# YOUR OBJECTIVE
Everything in the listing below must be set down again exactly, apart from the pictures.

# SUPPLIED DATA
+ + + + +

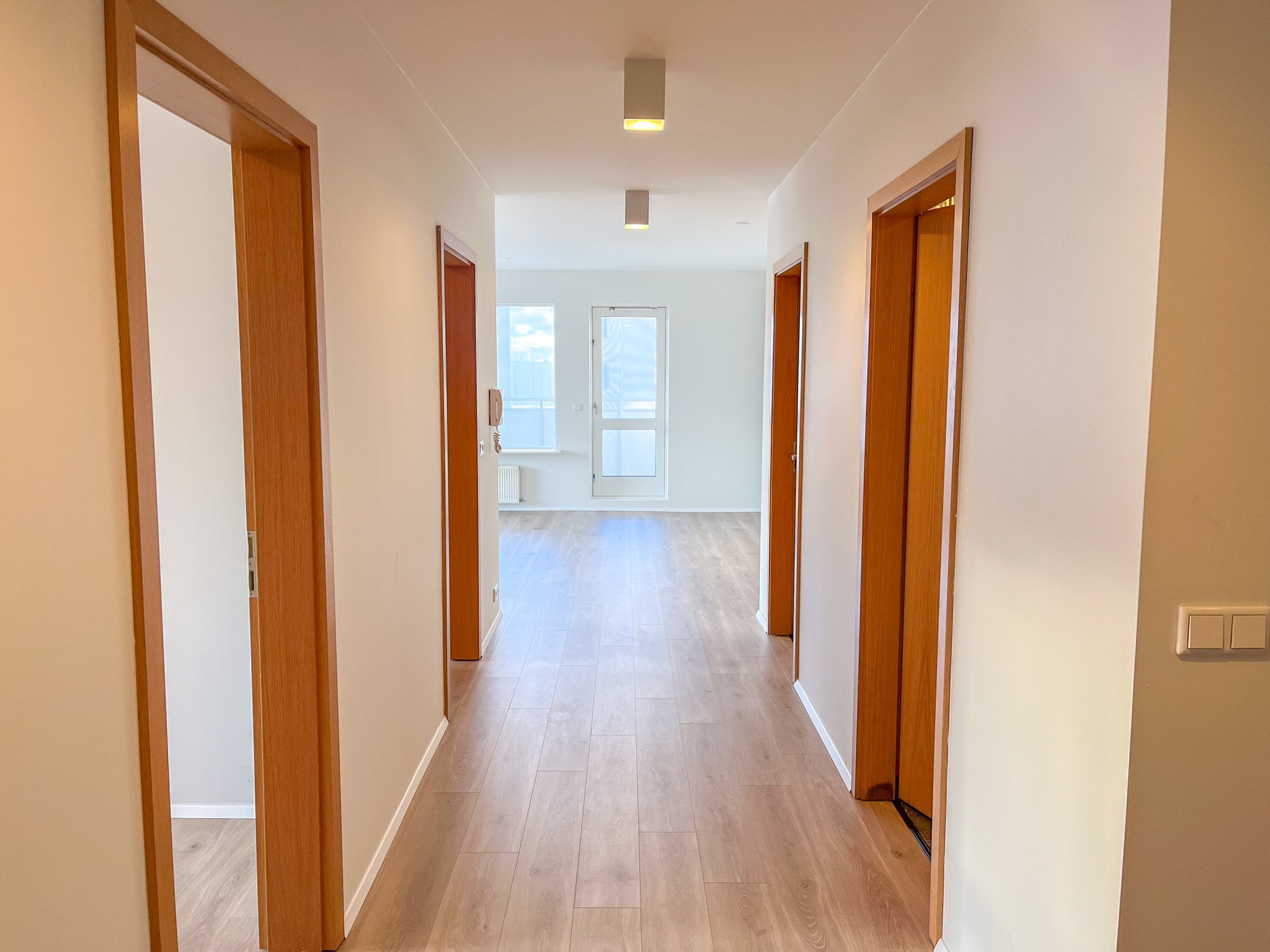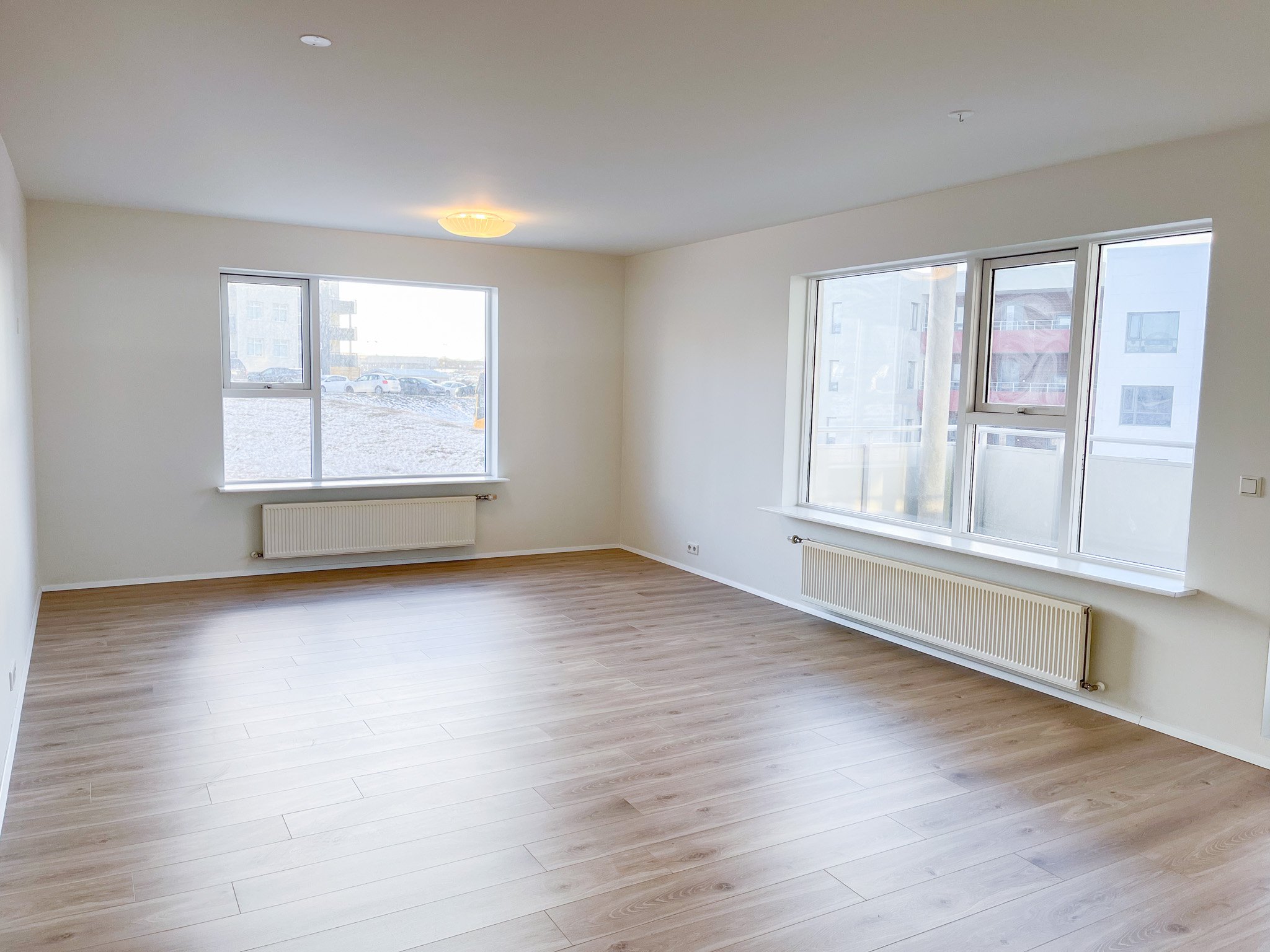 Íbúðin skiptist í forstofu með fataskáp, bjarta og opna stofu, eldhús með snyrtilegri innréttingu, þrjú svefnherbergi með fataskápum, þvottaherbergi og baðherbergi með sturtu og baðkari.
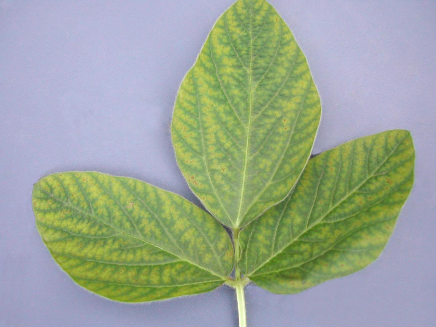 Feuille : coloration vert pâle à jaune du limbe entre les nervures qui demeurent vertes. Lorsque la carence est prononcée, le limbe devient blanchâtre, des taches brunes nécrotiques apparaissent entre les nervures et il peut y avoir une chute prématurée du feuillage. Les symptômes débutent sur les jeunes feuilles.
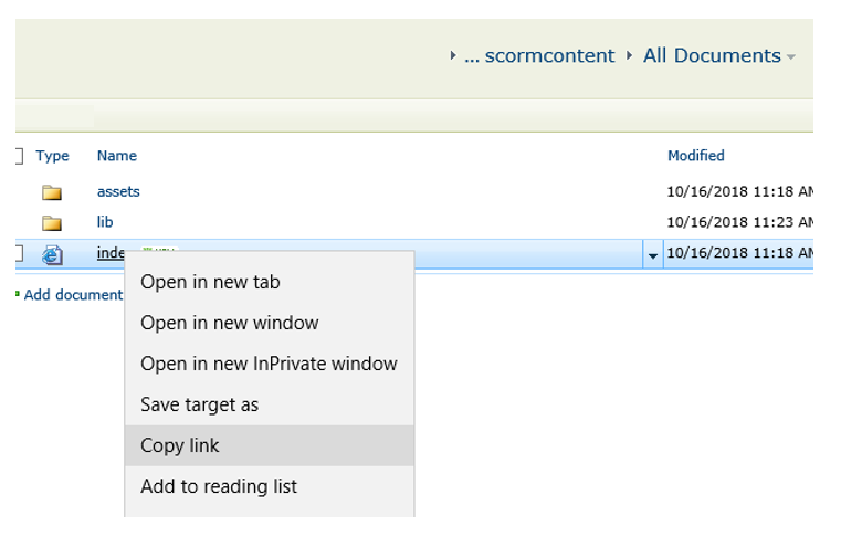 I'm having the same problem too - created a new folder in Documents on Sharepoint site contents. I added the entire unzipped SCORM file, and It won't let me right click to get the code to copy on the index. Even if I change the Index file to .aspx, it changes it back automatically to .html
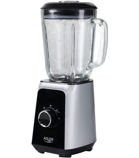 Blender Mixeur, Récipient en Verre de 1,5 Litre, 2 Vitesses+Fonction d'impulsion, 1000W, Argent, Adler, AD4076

+ + + + +

# RESPONSE FOR THIS EXERCISE
 Íbúðin skiptist í forstofu með fataskáp, bjarta og opna stofu, eldhús með snyrtilegri innréttingu, þrjú svefnherbergi með fataskápum, þvottaherbergi og baðherbergi með sturtu og baðkari.
 Feuille : coloration vert pâle à jaune du limbe entre les nervures qui demeurent vertes. Lorsque la carence est prononcée, le limbe devient blanchâtre, des taches brunes nécrotiques apparaissent entre les nervures et il peut y avoir une chute prématurée du feuillage. Les symptômes débutent sur les jeunes feuilles.
 I'm having the same problem too - created a new folder in Documents on Sharepoint site contents. I added the entire unzipped SCORM file, and It won't let me right click to get the code to copy on the index. Even if I change the Index file to .aspx, it changes it back automatically to .html
 Blender Mixeur, Récipient en Verre de 1,5 Litre, 2 Vitesses+Fonction d'impulsion, 1000W, Argent, Adler, AD4076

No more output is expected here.